警備員にも研修は普通にあります。むしろ普通よりちょっと多めにあるかも知れません。なぜ研修があるのか、そして具体的にはどんなことを学ぶのか、今回はその辺りを解説します。
警備員として採用されても、仕事を始めるためにはまず研修を受けないとなりません。これは「警備業法」という法律で決まってて、研修を受ける時期にも、研修期間にも、研修の内容にも細かくルールが設けられています。
いざときに施設や人の安全を守るためにも、自分の身を守るためにも知識やスキルは必要だからです。
警備員や警察として働いていた経験がある人や、警備に関係のある資格を持ってる人は研修が免除になったり、研修の時間が短くなったりすることもあります。ですが未経験者は全員きっちり受けなければなりません。アルバイトも短期でも警備員として働くのでしたら全員受けます。
はじめて警備の仕事に就くときに受けるのが、新任研修です。基本教育と業務別教育とがあり、それぞれ座学と実技で構成されています。採用された警備会社や講習センタで、3~4日くらいの期間をかけてすることが多いです。ここからは研修の詳しい内容について解説します。
基本教育というのは、警備員として最低限必要なことを学ぶ研修のことです。大声を出す訓練などもします。
研修の具体的な内容はこのような感じです。
基本原則や法律の部分は、テキストやDVDを使った座学で勉強します。仕事の内容に直結する部分も多いです。4と5は実技です。実践編ですので、こちらは詳しく紹介します。

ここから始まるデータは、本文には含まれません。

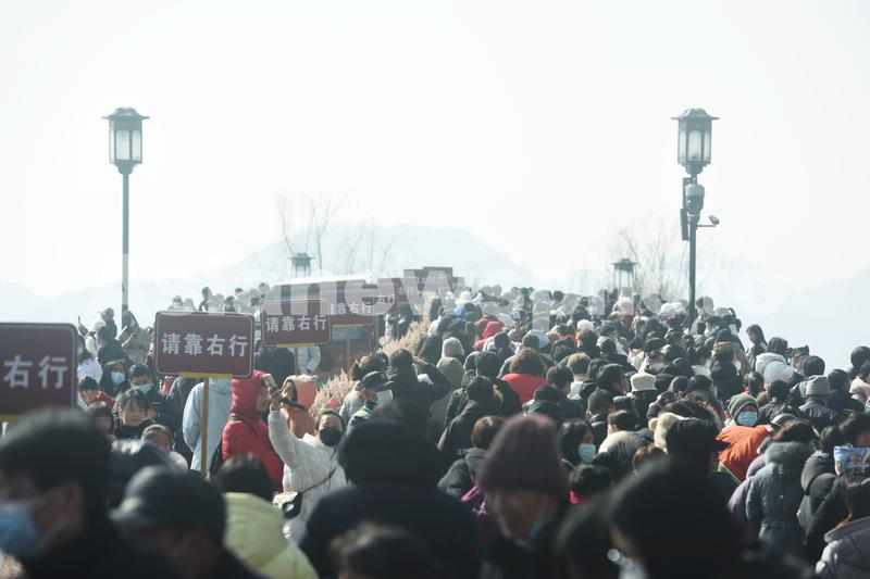 图片说明:2023年1月25日,杭州西湖断桥上是人头攒动。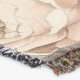 A quality printed throw has its advantages. This is a much finer weave throw than its loopier cousins, and though lighter, it is worth the investment for custom room accessorizing. The back is much prettier than the typical brown, and the fringe on the long sides very vivid, the selvage nicely done. Before photographing, I washed the throw in cold water, delicate, with a thicker woven throw the same size. On tumble dry low, this throw was dry in half the time as the other. This is a very practical quality if you use throws for furniture covers or to wrap up in frequently. The sleekness of the fabric makes it a great layer for accenting or protecting without the feeling of sitting on too much stuff. Perfect for napping or when you feel a light chill coming on. The color printing is beautiful and on this fabric, matched the design and color of my Photoshop image. This is an advantage for blending room fabrics and colors. The fringe on the short sides prints the colors from the design image and therefore varies from the side fringe. I streaked a white fractal line through the plaid pattern to give the illusion of weaving. This printed as crisp as an illusory thread, and put some white in the short side fringe, showing another advantage of print vs loomed- for artistic purposes, line lines, detail, and color integrity can be planned and preserved. My loomed throws have color limitations and more of a needlepoint texture. Print throws reproduce an exact image. The throw felt a little stiff straight out of the package, but this went away in the first delicate wash. Of course I searched the wash water for ink or bleeding and there was none.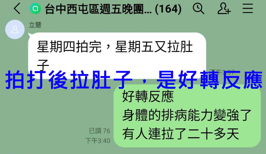 拍打後,手腳冷或皮膚病是由身體往四肢退,是症狀改善,反之則是症狀惡化。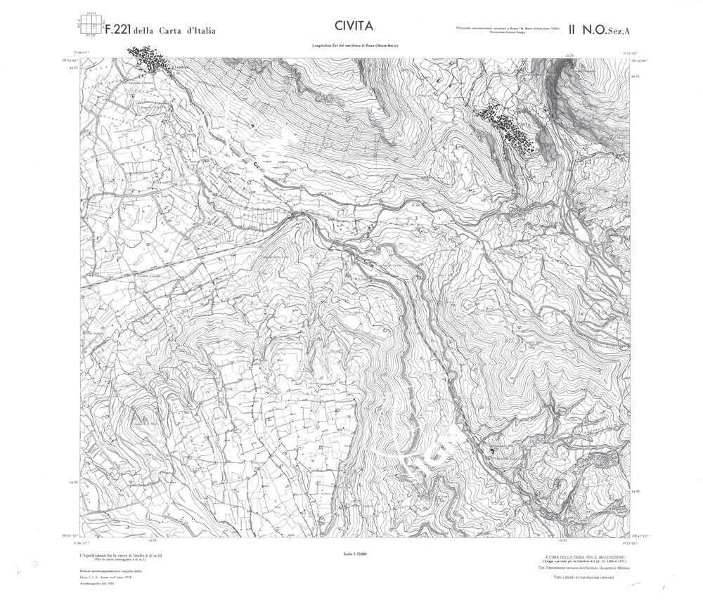 Rilievo eseguito da ditte private a cura della Cassa per il Mezzogiorno (legge speciale per la Calabria 26/11/1955 n°1177) con l’assistenza tecnica dell’ I.G.M. Rilievo aereofotogrammetrico,proiezione naturale,stampa in nero,equidistanza tra le curve mt.10. Le fotoriprese aeree furono eseguite nel 1954, l’elemento cartografico era la sezione di tavoletta, ossia 1/4 di tavoletta, distinta dalle lettere A;B;C;D.
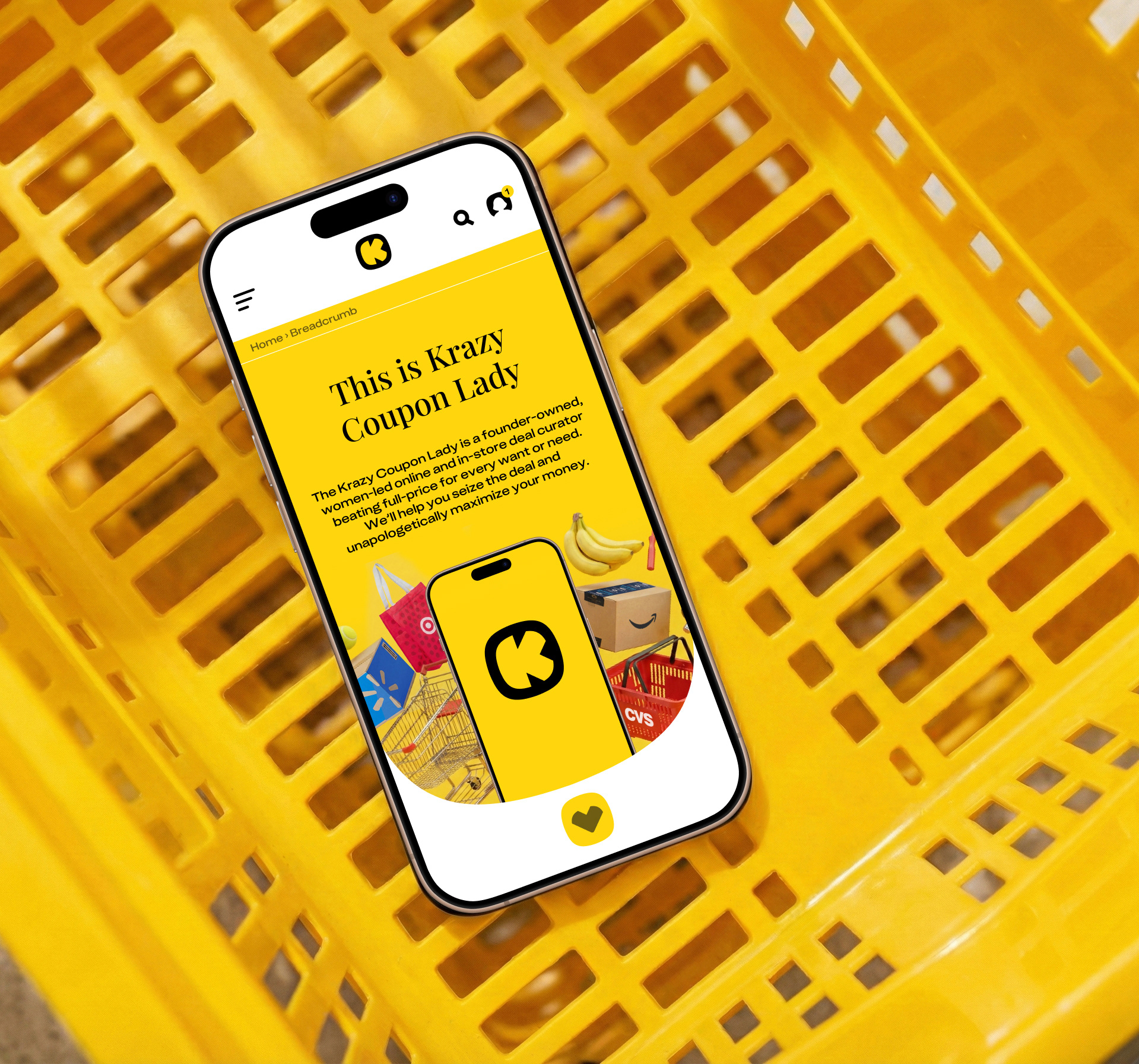 We needed to modernize the brand and transform it from yellow sticker pricing to a badass deal-hunting experience. We created a bold new brand look that revitalizes every aspect of Krazy Coupon Lady — from social media and web, app to in-store displays and merchandise— all designed to bring excitement, vibrancy and recreating the sensory feeling you get from being in a store aisle and getting the best price.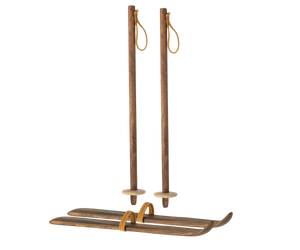 The perfect winter activity in the snow. With this set your mice can have a lovely day on the slopes. Ski and poles are made in wood and the elastic band makes it easy to fasten on mouse feet and paws. Fits Mum and Dad size mice.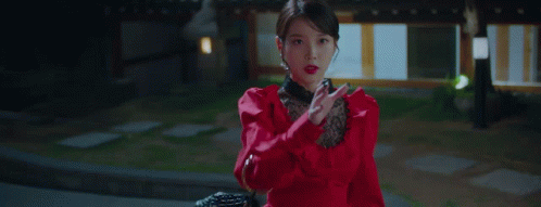 a woman in a red dress and black lace top is holding a knife .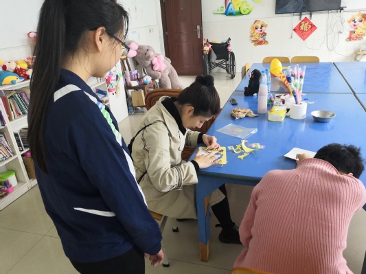活动期间,工作人员拿出故事书和画画工具,同学们和小朋友一起给图画上色,同学们手把手的帮小朋友撕开贴纸、涂上颜色。虽然大部分孩子是有一定缺陷的,但他们的内心世界丰富多彩,活波可爱。用心挑选颜色、认真涂染。图画制作完成后,志愿者与小朋友们一同分享劳动成果。结束时,同学们不忘帮忙打扫卫生,和孩子们挥手道别。

研修では、消火設備の使い方やケガ人・病人への応急措置の方法、通報の手順等について勉強します。
消火設備では、消火器以外に「屋内消火栓」の使い方も教えられます。初期消火は火事の被害の大きさに直結する大事なスキルですので、いざという時のため、しっかりと身に付ける必要があります。
応急措置では、心肺蘇生のやり方やAEDの使い方、ケガ人への応急手当の方法等を学びます。警備員は傷病人の第一発見者になることも多いですので、これもしっかりと身に付けなければなりません。
身を守るための武器の使い方とか、武器を使って相手を抑える=捕縛するための方法を学びます。武器は警戒杖とか警棒、それと「さすまた」です。凶器を持ってる相手を安全に抑え込むための方法とか、過剰防衛にならないための注意点なども勉強します。
道具を持っていない時でも身を守るための基本的な護身術も学びます。武道の心得のあるなし、体力のあるなし、関係はありません、身に付けることをしっかりと身に付ける、ということです。
やはりこちらの研修は、内容が内容だけにどうしてもハードにはなってきます。指導員も厳しいでしょうが、絶対必要なスキルだということは理解しておきましょう。 もちろん、凶器を持った不審者が来ることなどそうそうありませんが、警備員になる以上、対峙する可能性はあるわけです。自分の命を守るためにもがんばりましょう、自信もつきます。
業務別教育では、実際の警備業務に関係ある内容について学びます。施設の警備なのか、交通誘導なのか、貴重品運搬の警備なのか、身辺警備とか機械警備なのか、分野によって気を付けるポイントが変わってくるからです。基本教育より、もっと踏み込んだ内容について勉強できます。実際の仕事現場で、実地教育という形で仕事をしながら勉強することもあります。
例えば施設警備でしたら、人や車の出入り管理についてとか、施設に備え付けられてる警報装置などの機器について教えてもらいます。もちろん、不審者・不審物を見つけたときの対処方法もです。
これが施設警備ではなく雑踏警備(お祭りとかイベントとか、混雑してる場所での警備のこと)ですと、「歩行者や車の整理・誘導方法」とか「それでも事故が起きた時どうすればいいか」とか、勉強する内容が変わってきます。20年くらい前に、明石の花火大会で将棋倒し事故が起きたことを知ってる方もいるでしょう?ああいう悲惨な事故を起こさないために、警備員が頑張る必要があります。
現任研修とは、警備員の仕事に就いてから定期的に受けなければならない研修のことです。半年に1回のペースで、基本教育と業務別教育の両方をおさらいします。法律が変わったり配属先が変わったりした時は、その時々で新しい知識も学んでくことになります。 知識の再確認とかアップデートとか、そういったことを通して仕事の質を上げていきます。いざというとき対策がしっかりとれるか、ということはとても大切です。
警備員は人の命に関わる仕事ですので、他人はもちろん自分を守るためにも研修は必須です。仕事以外の場面でも知っておくと役に立つスキルが多いです。応急処置はともかく、護身術のスキルなどは発揮しないで済むに越したことはりませんが、万が一のためには学んでおく必要があります。